Nous demeurâmes longtemps sans voix. À la fin, avec un soupir arraché du fond de ma poitrine : « Je vous ai comprise, lui dis-je, et le serment de l’éternelle innocence de mon amour a été juré dans mon cœur avant que vous eussiez achevé de me le demander. »

XXXVI

Cette résignation sembla la combler de bonheur et redoubler le charmant abandon de sa tendresse. La nuit était tombée sur le lac, les étoiles du firmament s’y regardaient, les grands silences de la nature endormaient la terre. Les vents, les arbres, les flots, nous laissaient entendre les fugitives impressions du sentiment ou de la pensée qui parlent à voix basse dans les cœurs heureux.
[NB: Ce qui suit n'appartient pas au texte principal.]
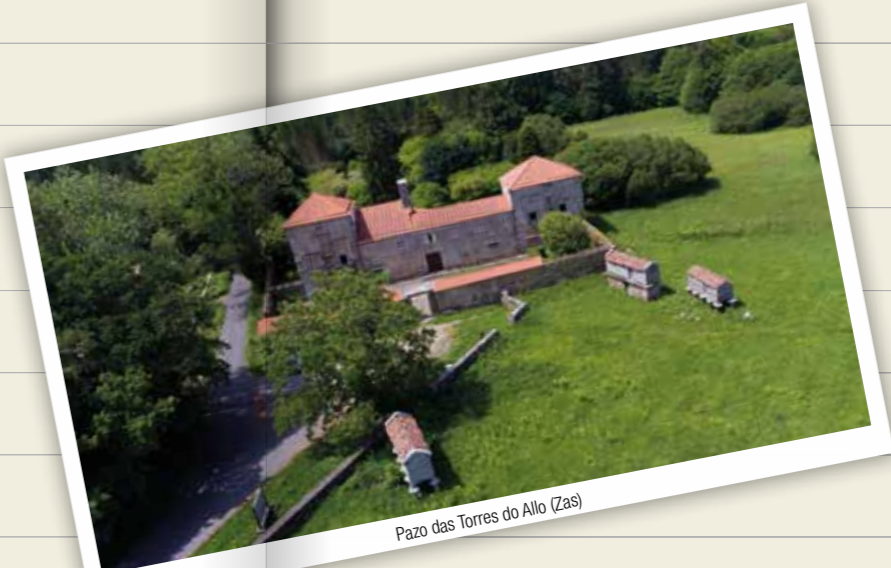
Pazo das Torres do Allo (Zas)

Les bateliers chantaient par moments ces airs traînants et monotones qui ressemblent aux ondulations notées des vagues sur les grèves. Cela me fit penser à sa voix, qui résonnait sans cesse dans mon oreille. « Ah ! si vous marquiez cette nuit délicieuse par quelques accents jetés à ces vagues et à ces ombres pour qu’elles restassent à jamais pleines de vous ? » lui dis-je.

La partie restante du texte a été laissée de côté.